# Living in Abu Dhabi



## urfankhaliq (Oct 23, 2014)

Hi All

I am in the process of applying for a job in Abu Dhabi and wanted to know from people already in AD, how much money would you need /month to survive comfortably?

Not looking for a lavish lifestyle but one with a 1-2 bedroom apartment, car and the ability to go out 1-2 times a week and put some money a side...

How much would you be looking for /month for the above?

I have been told my a recruitment agent that salaries in the UAE are made up of 

1) Base salary
2) Travel allowance
3) Accommodation allowance

But essentially its one lump sum paid per month, not three individual payments etc. Is this the case and if soideally looking for an idea of what the monthly figure should be (and then ill tell you what figure I was told is available for this job)

Many thanks in advance!


----------



## jimblrtoaus (May 25, 2015)

urfankhaliq
The ideal salary would depend a lot on the school going kids in your family. 
For a rough figure. If you are a family of 3 with one primary school kid living in a 2 bedroom apartment going home every year and comfortably living your life you would spend about 20-25000 per month in Dubai on an average. 
This is including all your expenses like travel, eating out, entertaining guests, holiday etc.


----------



## urfankhaliq (Oct 23, 2014)

Hi jimblrtoaus. Thanks ks for the response. So for me and my wife alone a package of 24k would be sufficient I suppose? As that's what is on offer?


----------



## urfankhaliq (Oct 23, 2014)

Regarding salaries in Abu Dhabi

Is it true that you get one sum per month which has base salary, travel and accommodation allowance incorporated in to it or do you get separate allowances?

Also is it normal to negotiate salary's when offered?


----------



## aleleeson (Jun 10, 2015)

not sure how it is in general, we do not get one lump sum.. we only get a base salary and all other allowances never see our bank account. But we like it that way as we have a housing allowance and utilities and car stuff and school etc. etc. and since it is all in the companies name it is very easy for us like that. 

I think that 24 a month is good and you will be fine, just try to not rent something above 120,000 aed a year... we are a family of four and we can live happily with 10,000 aed after housing is paid. Try to rent somewhere not too expensive... dont go for pool, gym and spa.. you will hardly use these things and with a car you have access to the beach. 

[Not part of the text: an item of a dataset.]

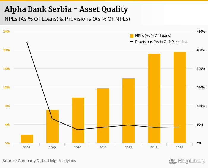 Comparing Alpha Bank Serbia with its closest peers, Komercijalna Banka Beograd operated at the end of 2014 with NPL ratio of 21.9% and provision coverage of 49.2%, Bank Intesa Serbia with 20.2% and 50.3% respectively and Raiffeisenbank Serbia had 12.9% of bad loans covered with 73.7% by provisions at the end of 2014.

If you can keep your rent low then yes 24,000 aed a month is good. If your rent is half of the 24 then things start looking less good. 



urfankhaliq said:


> Regarding salaries in Abu Dhabi
> 
> Is it true that you get one sum per month which has base salary, travel and accommodation allowance incorporated in to it or do you get separate allowances?
> 
> Also is it normal to negotiate salary's when offered?


----------



## urfankhaliq (Oct 23, 2014)

Thanks Aleleeson. Thats definitely encouraging to know its good enough!

I do wonder though why the recruitment agent told me it works that way...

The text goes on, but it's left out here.